From the data below, please reproduce exactly everything from the line that contains "В смартфонах 1,4" down to the line that contains "Lençol Inferior com", with both ends included.

*** Recorded information Section Begins ***

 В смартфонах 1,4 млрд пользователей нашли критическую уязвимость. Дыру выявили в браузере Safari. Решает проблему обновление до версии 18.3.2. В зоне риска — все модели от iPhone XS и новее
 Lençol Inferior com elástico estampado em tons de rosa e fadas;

*** Recorded information Section Ends ***
*** Recorded information Section Begins ***

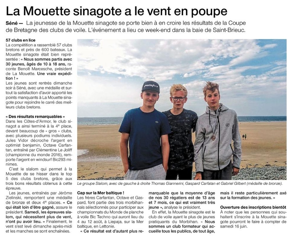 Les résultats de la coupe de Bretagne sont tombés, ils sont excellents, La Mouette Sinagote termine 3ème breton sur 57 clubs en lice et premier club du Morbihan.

*** Recorded information Section Ends ***

**Response box**
 В смартфонах 1,4 млрд пользователей нашли критическую уязвимость. Дыру выявили в браузере Safari. Решает проблему обновление до версии 18.3.2. В зоне риска — все модели от iPhone XS и новее
 Lençol Inferior com elástico estampado em tons de rosa e fadas;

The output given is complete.